Questo progetto è sfociato nella mostra online dal titolo “Vite attraverso. Storie, documenti, voci di ebrei milanesi nel ‘900”, promossa da Archivio Storico Intesa Sanpaolo, Fondazione CDEC e ASP Golgi Redaelli nell'ambito delle attività della Rete MilanoAttraverso. La mostra ha ripercorso la vita di otto famiglie ebraiche milanesi che, in circostanze diverse, subirono la discriminazione delle leggi antiebraiche e, a partire dall'8 settembre 1943, la persecuzione nazi-fascista. La stretta collaborazione tra gli Archivi di Intesa Sanpaolo, della Fondazione CDEC e di ASP Golgi Redaelli, con il prezioso contributo di altre Istituzioni, ha permesso di integrare le singole fonti per ricostruire le storie di queste otto famiglie e raccontare come affrontarono il periodo della guerra.

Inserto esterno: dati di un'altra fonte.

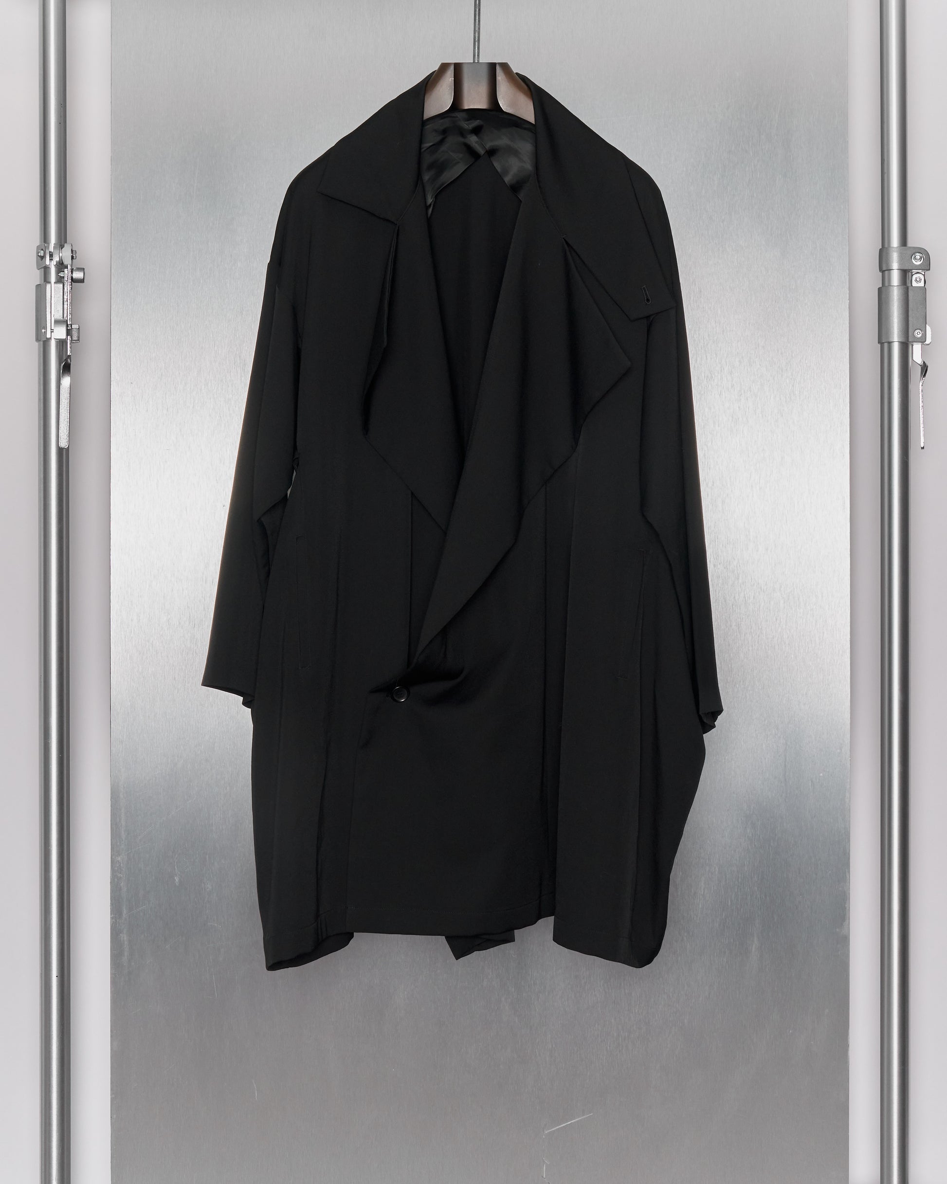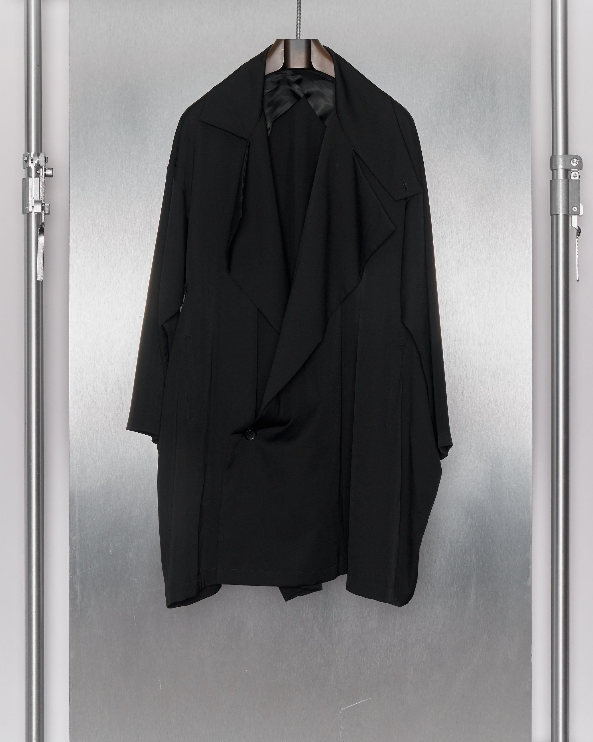 Boxy topcoat in flowing mid-weight wool with a soft drape. An oversized, drop shoulder silhouette which drapes the wearer like a blanket. Features a broad sculptural lapel with collar closure, low slung double-breast closure, two external and internal pockets, underarm vents, butterfly lining.

Il lavoro di ricerca portato avanti nel 2025 dai ricercatori incaricati dall’Archivio Storico e dal CDEC ha consentito di predisporre sei nuove storie familiari – Pia Ravenna, RosaPisetzky, Tullio e Lidia Colombo, Giorgina Bellak, Vittorio Ottolenghi, Olga Stahl Bergmann – che saranno pubblicate in occasione della ricorrenza della Liberazione, il 25 aprile 2026, in concomitanza con il rilancio del nuovo sito di Vite Attraverso. L’80° anniversario della nascita della Repubblica sarà l’occasione per affrontare il tema della giustizia riparativa, del “fare i conti a metà” dell’Italia repubblicana nei confronti dei cittadini ebrei perseguitati dal regime fascista.

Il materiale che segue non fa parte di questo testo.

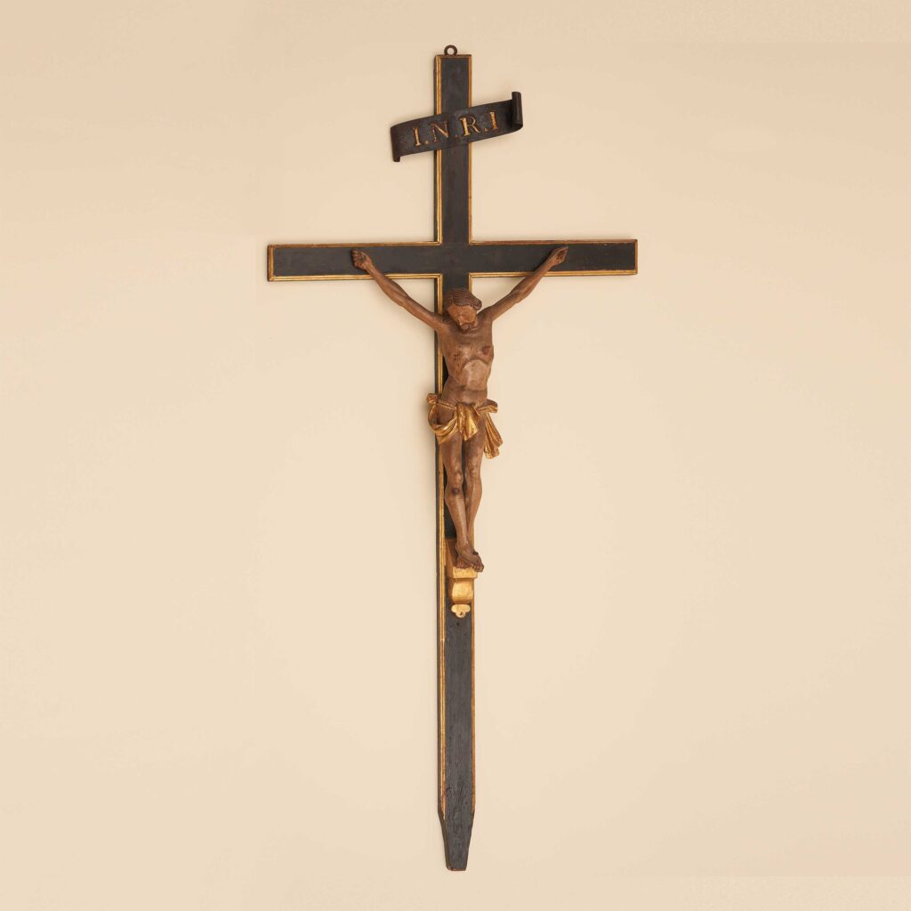 Il crocifisso, a parete, ha bracci lisci dipinti di nero con bordi dorati, con cartiglio in alto con scritta INRI; su piedistallo dorato, il Cristo Patiens, intagliato e dipinto in ocra. Si tratta di un semplice manufatto, di produzione locale, di metà 800, destinato a funzione funeraria.

Archivi, memoria e tecnologie digitali per la storia della persecuzione ebraica
La collaborazione tra l’Archivio Storico, la Fondazione CDEC e il Memoriale della Shoah ha consentito ai diversi enti di realizzare nei propri spazi e, indipendentemente, laboratori didattici che hanno coinvolto le scuole cittadine per un approccio diretto alle fonti documentarie. Di sicuro interesse è stata la scelta del podcast come mezzo di trasmissione delle informazioni raccolte dagli studenti durante il laboratorio didattico dell’Archivio Storico dello scorso anno all’interno della rete di Museimpresa: quattro podcast dedicati ad altrettante storie, desunte dai fascicoli dell’Archivio Storico e della Fondazione CDEC, sono stati pubblicati su varie piattaforme, il laboratorio sarà ripetuto anche quest’anno con nuove classi e nuove storie.

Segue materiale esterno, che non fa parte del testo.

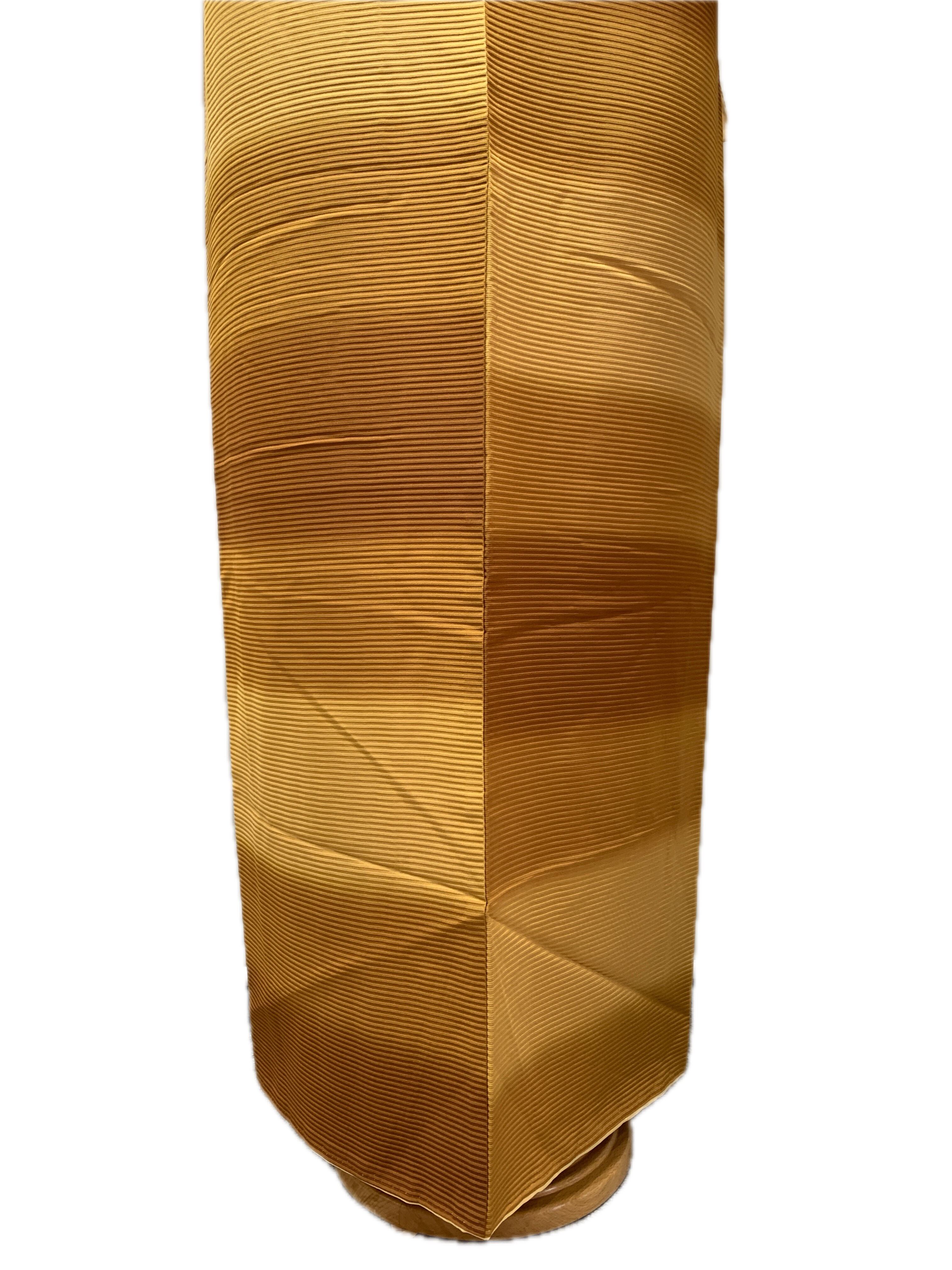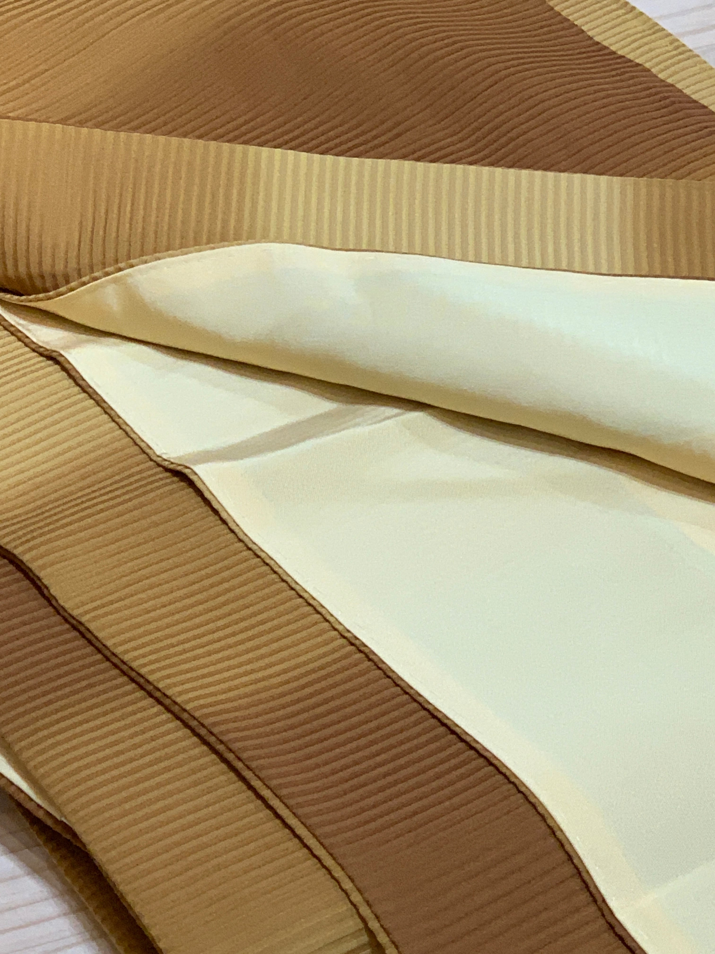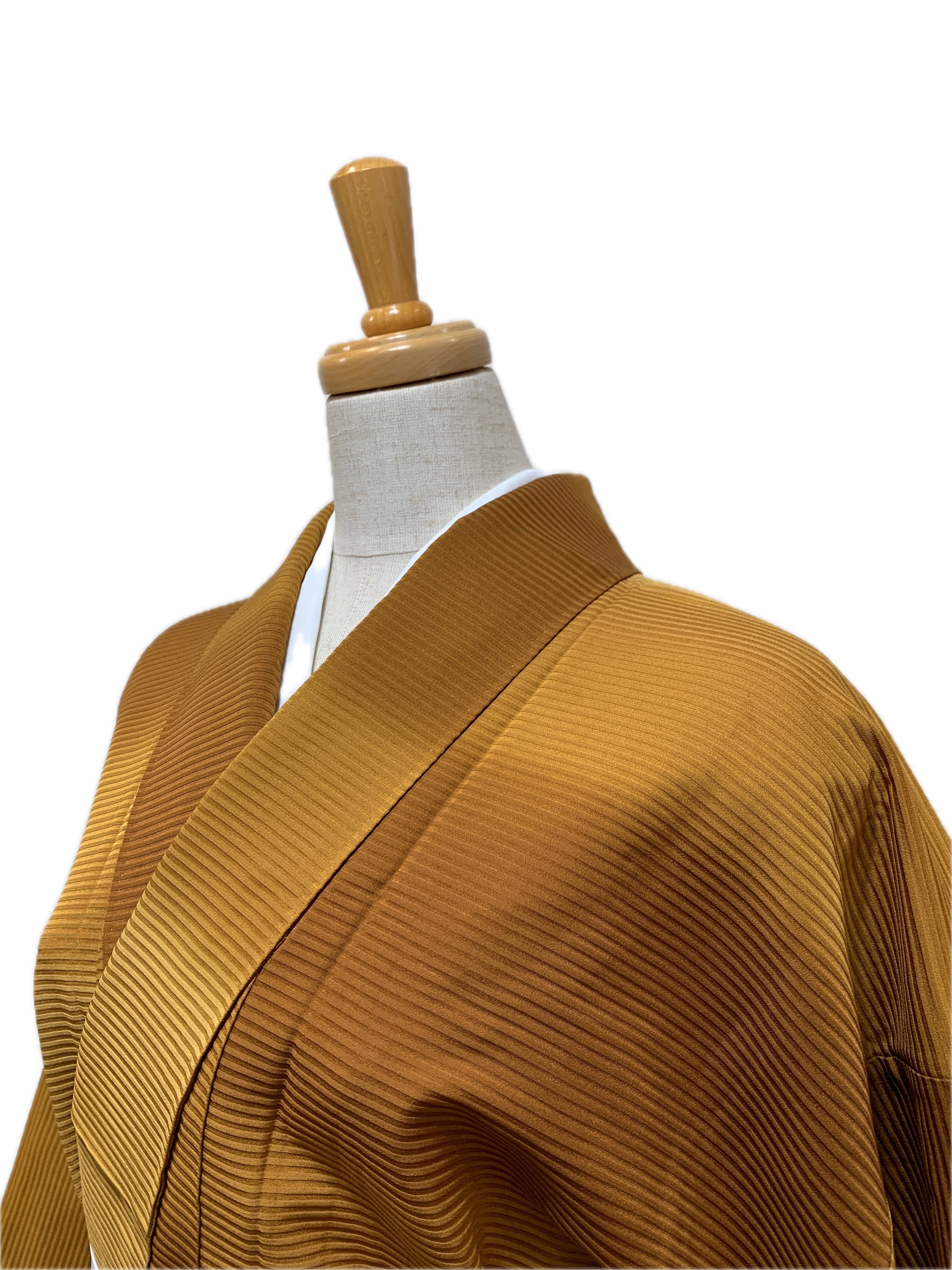 変わり織による横段の地紋を生かし、黄金色から土色系へと穏やかに移ろうぼかしに染め上げた袷着物です。

L’Archivio Storico di Intesa Sanpaolo e la Fondazione CDEC condividono anche la convinzione nell’importanza della diffusione delle tecnologie innovative della rete applicate alla cultura e alla storia avendo da anni adottato i Linked Open Data per gestire, integrare, pubblicare online il proprio patrimonio storico. Grazie a questa tecnologia, i patrimoni informativi dei due archivi sono entrati “in contatto” e in relazione reciproca, creando un “ponte” e permettendo la creazione di un vasto corredo informativo.
Questa attività ha reso possibile ricostruire e raccontare le storie dei cittadini ebrei lombardi perseguitati, sottoposti alla requisizione dei beni e arrestati e detenuti nei campi di concentramento o in fuga durante il fascismo; ha permesso, inoltre, di scoprire le vicende legate alla restituzione dei beni, dagli immobili agli oggetti personali, e consente di affrontare, attraverso la disponibilità di fonti inedite, tematiche come quelle dei bombardamenti in città e dei danni di guerra.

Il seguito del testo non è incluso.